Прежде всего в память пришли участившиеся визиты сочинителя. Оба они шушукались чрезвычайно конспиративно, и, как Петр Горбидоныч ни прислушивался, так и не уловил ничего. Кроме того, найдена была беспричинная, казалось бы, надпись на первой странице дневника, который Чикилев извлек из манюкинского стола тотчас по несчастии. «В случае смерти завещаю дневник этот благодетелю Фирсову Ф. Ф., с тем, однако, чтоб взял на себя труд и расходы похоронить меня приличным для человека образом». (Тут же был приписан адрес Фирсова и поставлена подпись: кривые буквы разбредались во все стороны, как стадо, утерявшее пастуха.)
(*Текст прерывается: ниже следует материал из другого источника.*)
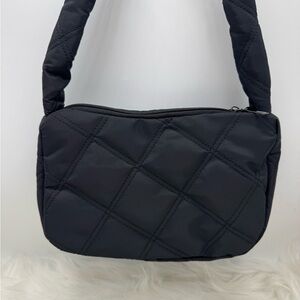 Preppy Style Casual Quilted Zippered Nylon Black Handbag

Восстанавливать истину в темном и глухом деле этом лень было даже и Чикилеву: слишком ничтожно было в глазах у всех бумажное наследие Манюкина. Нелишне помянуть, что последнее время у Сергея Аммоныча всегда имелись деньги на квартирные, пищевые и налоговые расходы, причем Фирсов играл в этом щепетильном деле какую-то активную роль. Из маловнятных побуждений совести Фирсов впоследствии собственными руками уничтожил манюкинский дневничок, — факт первостепенной важности. В повести его, появившейся два с половиной месяца спустя, не приведено было даже отрывков из помянутого дневничка, а прибавлено лишь в конце пустячной главы, что «смердящее тление этого последнего барина на русской земле не прибавляло славы новому солнцу, восходившему над страной». Это мало вязалось с профессиональной падкостью сочинителя на всякие человеческие документы, но, как ни пинкертонил тут Петр Горбидоныч, тайна эта сохранила до конца свою мрачную девственность.
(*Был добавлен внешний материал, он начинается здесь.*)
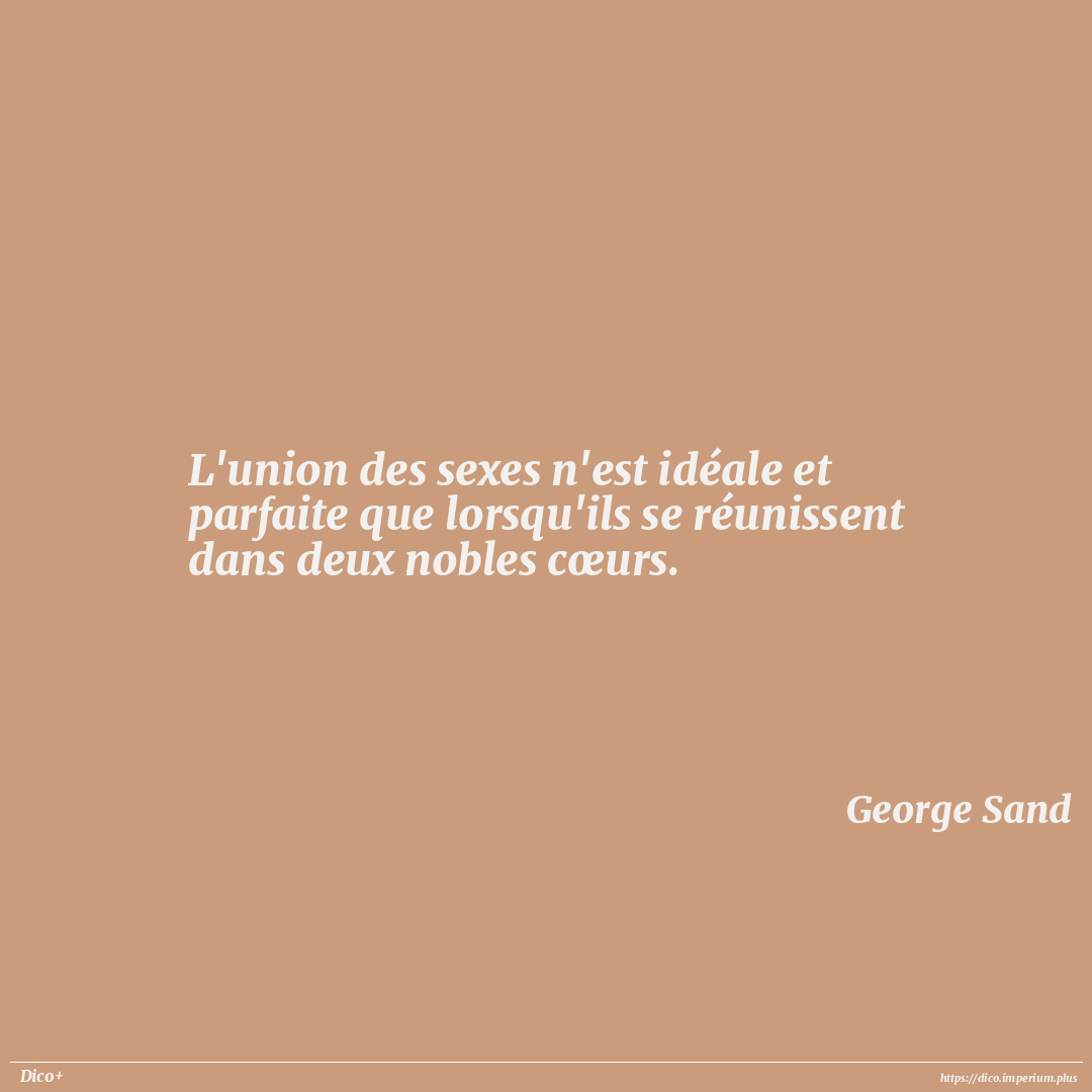 L'union des sexes n'est idéale et parfaite que lorsqu'ils se réunissent dans deux nobles cœurs.

Беда произошла на рассвете, дня через два после того, как Фирсов застал музыканствующего Чикилева. Девочка выздоравливала, и Чикилев преспокойно спал на своей половине. Вернее, именно сон-то его и не был спокоен: мерещилась ему всевозможная пакость. Петр Горбидоныч проснулся незадолго до полночи, прислушался к тишине, не оглашаемой манюкинским сопением, и зажег спичку, — манюкинская койка пустовала, чему Чикилев не удивлялся: Манюкин был живой человек, правомочный передвигаться по земле как ему угодно. Вторично он проснулся уже по ту сторону полночи, раздосадованный неприличным словом, которым и во сне допекал его полуподвальный гражданин. Несказанно волнуясь, Петр Горбидоныч перешел во тьме комнатное пространство и присел на краешек манюкинской койки. Тот спал, не раздеваясь, так как одеяло свое продал задолго до того.